Now, Realmuto and a gaggle of Phillies — the four missing this trip, the others dispatched before they became an issue — are presumably rooting for a handful of outcomes. Of course, a couple of Philly wins in Toronto.

Should they lose a game or two, they may have to wonder what-if should the Phillies narrowly miss a playoff berth. And any unvaccinated NL player must certainly hope the Blue Jays fail to make the World Series — and turn vaccination into a decision affecting a once-in-a-lifetime opportunity.
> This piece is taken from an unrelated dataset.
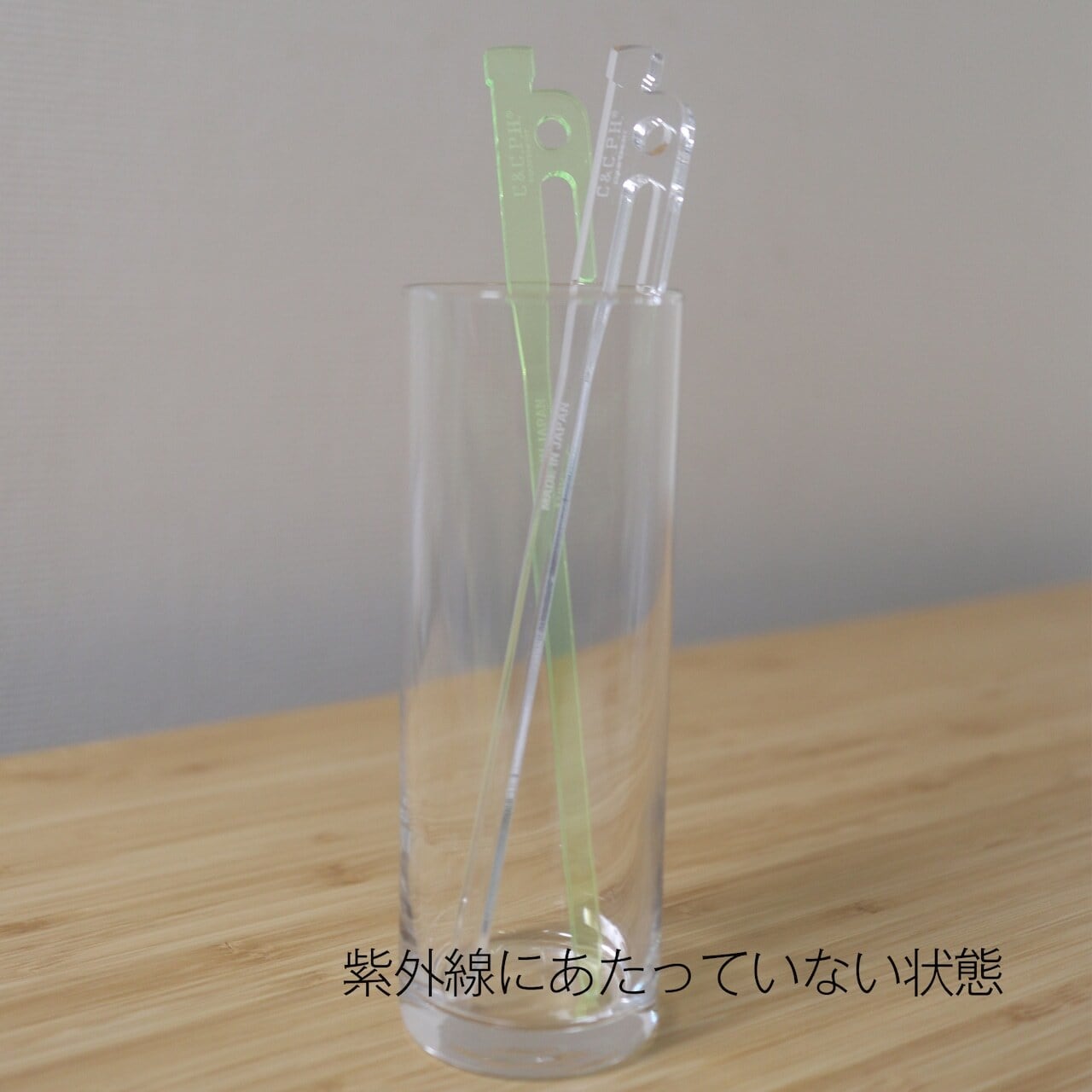 家の中や、光が遮断される場所では無色透明なカラーから、

For now, nothing has forced Realmuto to consider his stance.

“My teammates know how I feel about them and how badly I want to be out there with them,” Realmuto said Monday. “It’s just unfortunate I’m not able to make the trip. I’m a healthy 31-year-old professional athlete. I didn’t feel the need to get it. I’ve had COVID a couple times, super mild symptoms back when it first came out.

“When it came time to decide whether I needed the vaccine or not, talked with a couple doctors I knew, told them my story, and really decided I didn’t need it.”

He apparently doesn’t need the $250,000-plus, either.